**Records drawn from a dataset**
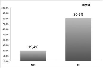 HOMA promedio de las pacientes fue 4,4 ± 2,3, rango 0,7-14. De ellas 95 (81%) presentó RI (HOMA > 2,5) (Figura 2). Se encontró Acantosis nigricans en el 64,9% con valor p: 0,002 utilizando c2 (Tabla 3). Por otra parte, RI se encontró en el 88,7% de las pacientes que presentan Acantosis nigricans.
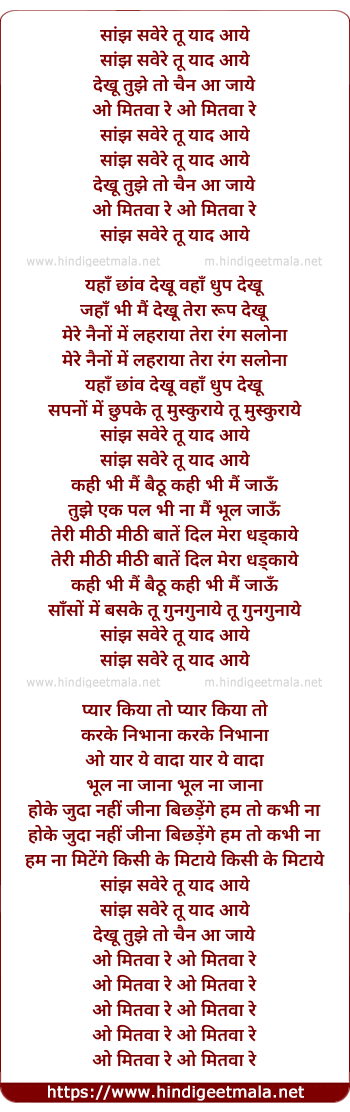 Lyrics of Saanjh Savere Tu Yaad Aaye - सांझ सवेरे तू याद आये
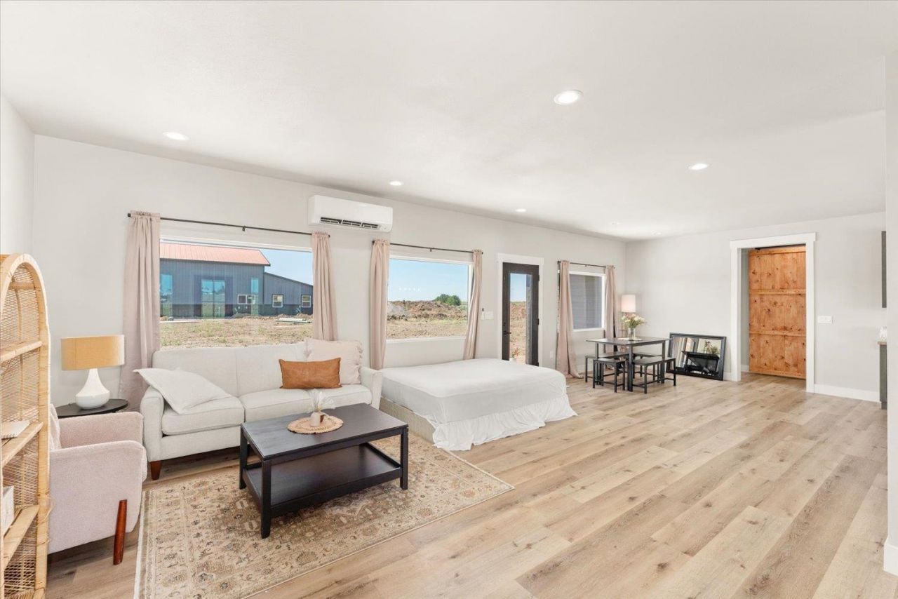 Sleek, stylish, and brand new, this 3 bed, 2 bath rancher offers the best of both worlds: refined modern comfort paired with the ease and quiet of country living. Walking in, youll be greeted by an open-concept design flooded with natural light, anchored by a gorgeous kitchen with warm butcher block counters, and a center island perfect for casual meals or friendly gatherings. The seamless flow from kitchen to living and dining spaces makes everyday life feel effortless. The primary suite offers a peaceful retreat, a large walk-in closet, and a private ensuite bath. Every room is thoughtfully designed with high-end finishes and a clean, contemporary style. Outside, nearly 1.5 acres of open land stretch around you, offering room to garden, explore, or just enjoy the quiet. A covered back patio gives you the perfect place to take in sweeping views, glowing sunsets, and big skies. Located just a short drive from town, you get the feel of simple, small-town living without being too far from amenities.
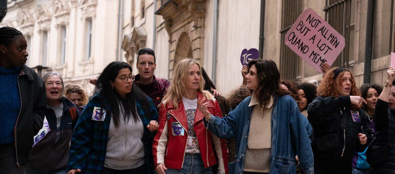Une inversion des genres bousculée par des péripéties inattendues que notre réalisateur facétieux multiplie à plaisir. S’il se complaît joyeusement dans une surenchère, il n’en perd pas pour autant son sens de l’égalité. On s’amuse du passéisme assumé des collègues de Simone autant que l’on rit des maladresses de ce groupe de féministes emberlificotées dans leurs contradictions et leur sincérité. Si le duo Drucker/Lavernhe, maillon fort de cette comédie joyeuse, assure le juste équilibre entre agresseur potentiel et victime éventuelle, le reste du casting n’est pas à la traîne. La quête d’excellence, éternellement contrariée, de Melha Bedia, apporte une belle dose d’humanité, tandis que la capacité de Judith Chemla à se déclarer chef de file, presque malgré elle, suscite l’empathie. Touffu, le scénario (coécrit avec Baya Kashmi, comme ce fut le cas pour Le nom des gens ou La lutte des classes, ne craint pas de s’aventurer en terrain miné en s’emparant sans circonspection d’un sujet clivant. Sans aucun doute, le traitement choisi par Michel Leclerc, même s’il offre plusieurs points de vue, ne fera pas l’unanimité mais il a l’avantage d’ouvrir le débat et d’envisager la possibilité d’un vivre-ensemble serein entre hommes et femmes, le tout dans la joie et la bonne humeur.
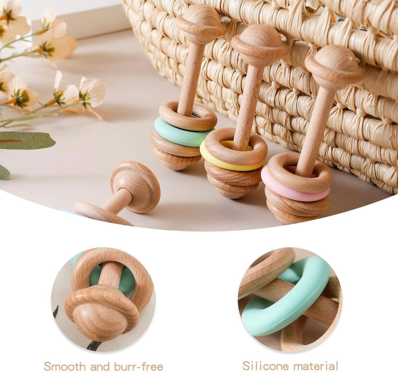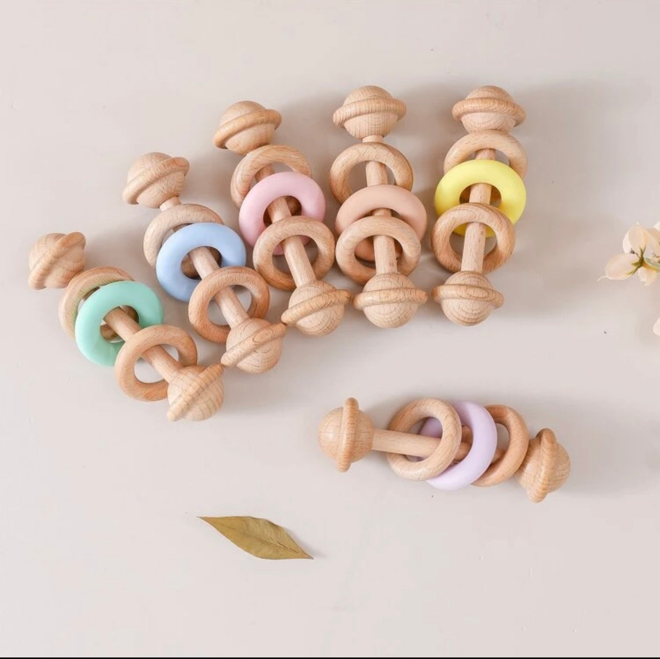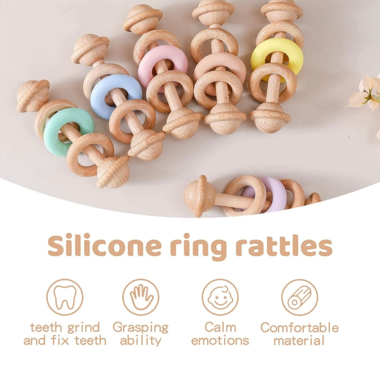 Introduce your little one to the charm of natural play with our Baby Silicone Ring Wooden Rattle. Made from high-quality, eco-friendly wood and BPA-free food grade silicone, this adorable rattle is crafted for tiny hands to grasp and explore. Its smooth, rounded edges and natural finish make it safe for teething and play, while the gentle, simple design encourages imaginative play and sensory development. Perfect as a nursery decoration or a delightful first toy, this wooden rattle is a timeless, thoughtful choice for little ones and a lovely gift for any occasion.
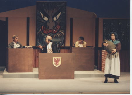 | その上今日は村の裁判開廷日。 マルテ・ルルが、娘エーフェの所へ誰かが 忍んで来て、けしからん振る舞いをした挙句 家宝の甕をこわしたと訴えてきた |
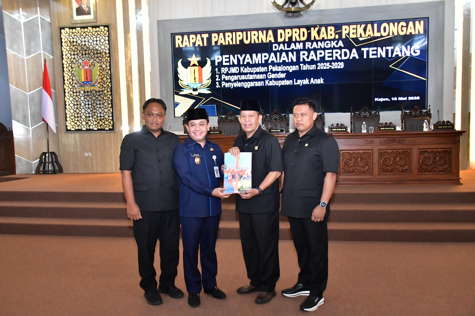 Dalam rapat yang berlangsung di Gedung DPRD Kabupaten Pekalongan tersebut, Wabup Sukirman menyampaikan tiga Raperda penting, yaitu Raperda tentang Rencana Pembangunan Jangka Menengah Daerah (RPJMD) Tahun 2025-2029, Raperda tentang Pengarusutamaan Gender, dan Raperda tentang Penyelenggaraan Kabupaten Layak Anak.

--

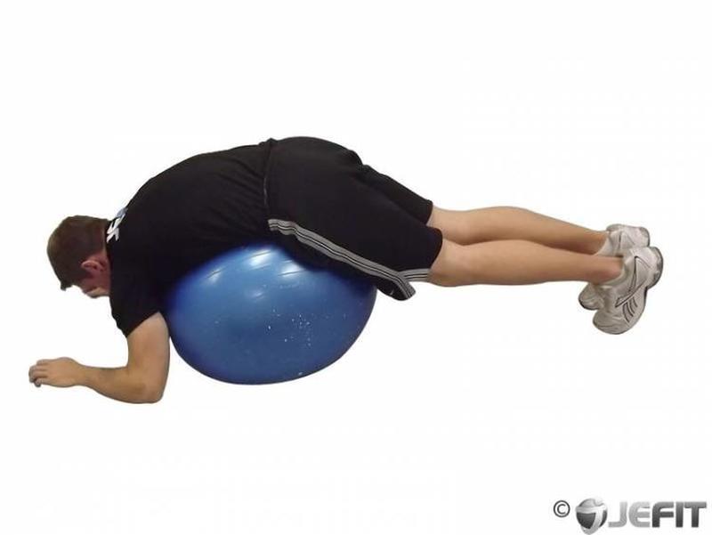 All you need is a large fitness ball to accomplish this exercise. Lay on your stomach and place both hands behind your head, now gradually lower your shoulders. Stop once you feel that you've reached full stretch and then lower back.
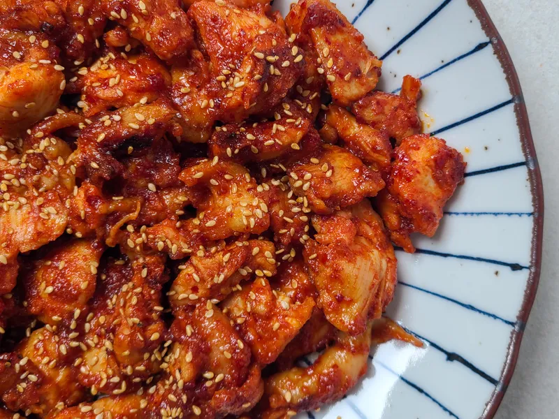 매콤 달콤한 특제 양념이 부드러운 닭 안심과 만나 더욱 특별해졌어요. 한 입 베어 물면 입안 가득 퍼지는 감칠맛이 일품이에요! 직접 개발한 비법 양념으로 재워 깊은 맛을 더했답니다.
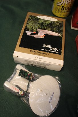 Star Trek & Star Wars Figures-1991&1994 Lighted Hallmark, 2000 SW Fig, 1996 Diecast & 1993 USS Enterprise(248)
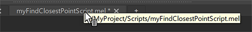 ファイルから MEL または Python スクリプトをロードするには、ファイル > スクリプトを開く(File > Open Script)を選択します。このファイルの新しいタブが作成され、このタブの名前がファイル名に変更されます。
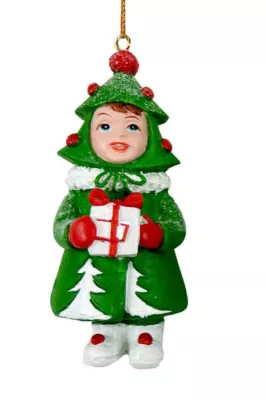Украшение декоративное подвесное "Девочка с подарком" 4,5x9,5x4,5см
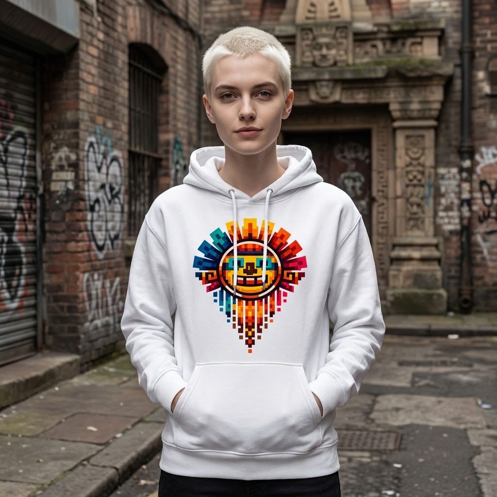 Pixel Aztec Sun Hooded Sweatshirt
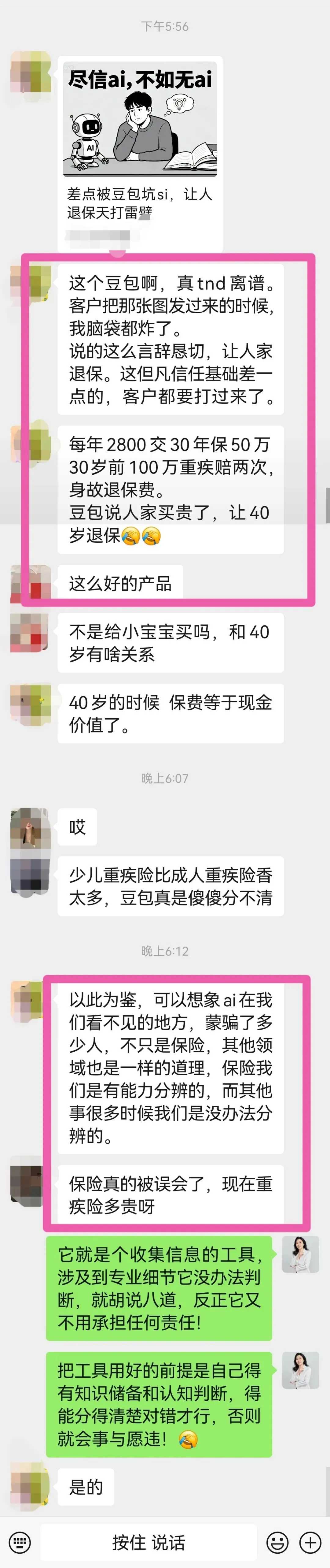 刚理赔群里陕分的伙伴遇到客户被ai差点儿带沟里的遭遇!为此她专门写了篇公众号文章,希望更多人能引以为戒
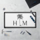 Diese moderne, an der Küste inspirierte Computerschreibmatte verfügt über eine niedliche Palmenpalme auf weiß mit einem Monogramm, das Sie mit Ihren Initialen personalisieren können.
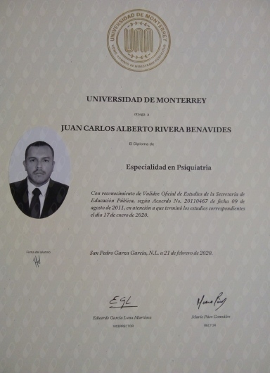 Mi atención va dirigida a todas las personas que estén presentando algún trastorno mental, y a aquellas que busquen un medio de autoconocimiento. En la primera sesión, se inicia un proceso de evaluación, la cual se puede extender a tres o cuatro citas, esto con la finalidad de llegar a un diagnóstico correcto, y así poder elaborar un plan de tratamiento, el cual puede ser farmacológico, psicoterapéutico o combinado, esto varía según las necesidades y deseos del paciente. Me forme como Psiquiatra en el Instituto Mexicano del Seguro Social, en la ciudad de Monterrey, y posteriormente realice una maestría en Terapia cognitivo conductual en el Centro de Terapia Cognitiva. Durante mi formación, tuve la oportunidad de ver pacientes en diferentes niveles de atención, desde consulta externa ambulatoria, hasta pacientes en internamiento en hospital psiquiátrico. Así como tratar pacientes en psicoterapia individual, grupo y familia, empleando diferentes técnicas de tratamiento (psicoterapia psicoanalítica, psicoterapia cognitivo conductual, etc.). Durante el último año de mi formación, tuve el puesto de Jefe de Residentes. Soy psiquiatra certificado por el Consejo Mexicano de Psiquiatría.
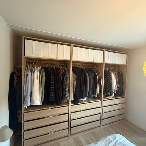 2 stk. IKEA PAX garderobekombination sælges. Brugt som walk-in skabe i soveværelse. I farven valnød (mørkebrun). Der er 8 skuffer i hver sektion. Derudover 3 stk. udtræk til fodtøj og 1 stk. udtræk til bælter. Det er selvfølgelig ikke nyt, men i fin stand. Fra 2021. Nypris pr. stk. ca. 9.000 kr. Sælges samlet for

**ACTION ITEM**
Above are some entries; copy exactly the lines from the line with "Star Trek &" through the line with "Diese moderne, an", both included, but none of the pictures.

**RESPONSE TO THIS TASK**
 Star Trek & Star Wars Figures-1991&1994 Lighted Hallmark, 2000 SW Fig, 1996 Diecast & 1993 USS Enterprise(248)
 ファイルから MEL または Python スクリプトをロードするには、ファイル > スクリプトを開く(File > Open Script)を選択します。このファイルの新しいタブが作成され、このタブの名前がファイル名に変更されます。
Украшение декоративное подвесное "Девочка с подарком" 4,5x9,5x4,5см
 Pixel Aztec Sun Hooded Sweatshirt
 刚理赔群里陕分的伙伴遇到客户被ai差点儿带沟里的遭遇!为此她专门写了篇公众号文章,希望更多人能引以为戒
 Diese moderne, an der Küste inspirierte Computerschreibmatte verfügt über eine niedliche Palmenpalme auf weiß mit einem Monogramm, das Sie mit Ihren Initialen personalisieren können.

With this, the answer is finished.